Net Zero is incompatible with military preparedness | Maurice Cousins

Strong societies, industries and economies win wars — but does Britain have them?

Al Carns, the UK Armed Forces Minister, has said that Britain is preparing for war. Speaking to Sky News, he warned: “The shadow of war is knocking on Europe’s door once more. That’s the reality. We’ve got to be prepared to deter it.”

Carns is a former Colonel in the Royal Marines. He should be taken deadly seriously. His remarks follow a warning from NATO’s Secretary General, Mark Rutte, that Europe must prepare for a confrontation with Russia on a scale “our grandparents and great-grandparents endured”.

Two developments explain the shift in tone. The first is the protracted US–Russia peace talks conducted largely over Europe’s head. The second is the publication of Donald Trump’s National Security Strategy, which makes explicit that Europeans must now assume far greater responsibility for their own defence. None of this should surprise anyone who has been paying attention. The Trump administration has been saying the same thing, bluntly and repeatedly, since its inauguration.

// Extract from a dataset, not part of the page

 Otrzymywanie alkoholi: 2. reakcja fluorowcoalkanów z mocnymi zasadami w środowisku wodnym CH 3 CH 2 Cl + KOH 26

Speaking at the NATO Defence Ministers’ meeting in February 2025, the US War Secretary, Pete Hegseth, put it plainly: “To endure for the future, our partners must do far more for Europe’s defence. We must make NATO great again. It begins with defence spending, but must also include reviving the transatlantic defence industrial base, prioritising readiness and lethality, and establishing real deterrence.”

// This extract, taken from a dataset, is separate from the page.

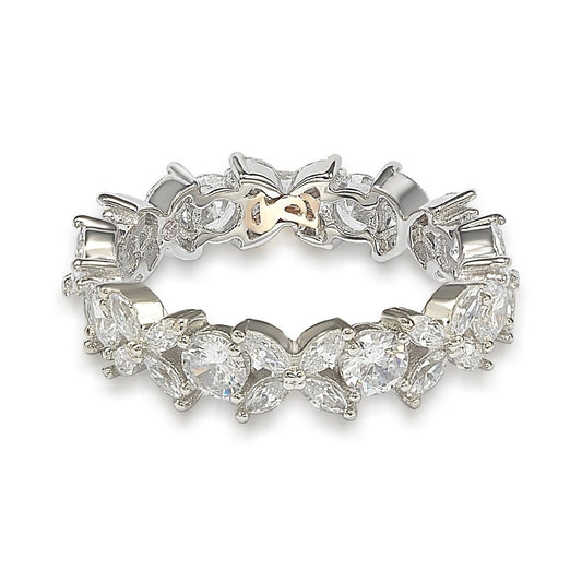 Suzy Levian Sterling Silver Cubic Zirconia Floral Eternity Band

After nearly eighty years of relying on American power to underwrite their security, European leaders are being forced to relearn the fundamentals of hard power and grand strategy. It is difficult to overstate how profound a challenge this represents for both Europe and the UK. It demands a rethink across policy areas that, for decades, have been treated as marginal to national security.

Since the 1990s, Britain’s political and intellectual elite has operated within a fundamentally different paradigm. The “end of history” has become a cliché, but it is worth recalling just how deeply it shaped elite thinking. In the aftermath of the Soviet Union’s collapse, Anthony Giddens — one of the intellectual architects of New Labour — argued in The Third Way that the West no longer faced “clear-cut enemies”. Cosmopolitanism, he claimed, would be both the “cause and condition” of the disappearance of large-scale war between nation-states. The “strong state”, once defined by preparedness for war, “must mean something different today”. They believed that post-material and post-traditional values, including ecological modernisation, human rights and sexual freedom, would come to dominate politics. 

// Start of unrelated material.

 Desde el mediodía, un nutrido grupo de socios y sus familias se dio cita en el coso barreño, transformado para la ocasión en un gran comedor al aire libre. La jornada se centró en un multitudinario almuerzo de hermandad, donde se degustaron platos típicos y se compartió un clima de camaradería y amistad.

For realists, this utopian worldview was always naïve. In her final book, Statecraft (2003), Margaret Thatcher warned that the post-Cold War world was far more likely to vindicate Samuel Huntington’s “clash of civilisations” than Francis Fukuyama’s progressive vision of an “end of history”, in which liberal democracy emerged as the inevitable global victor.

Clearly, the liberal internationalist illusion should finally have been shattered by Russia’s annexation of Crimea in 2014. Alas, it was not. Instead of prompting a fundamental strategic reset, Britain’s governing class doubled down on the same post-material, cosmopolitan assumptions that had shaped the 1990s and 2000s. In 2015, Europe and the UK embraced the Paris Climate Agreement. In 2019 — a year after the attempted murder of Sergei Skripal on British soil with a chemical weapon — ministers enshrined Net Zero in law and banned fracking. Each decision reflected the same belief: that geopolitics could remain subordinate to “climate leadership”, and that the material foundations of security could continue to be dismantled.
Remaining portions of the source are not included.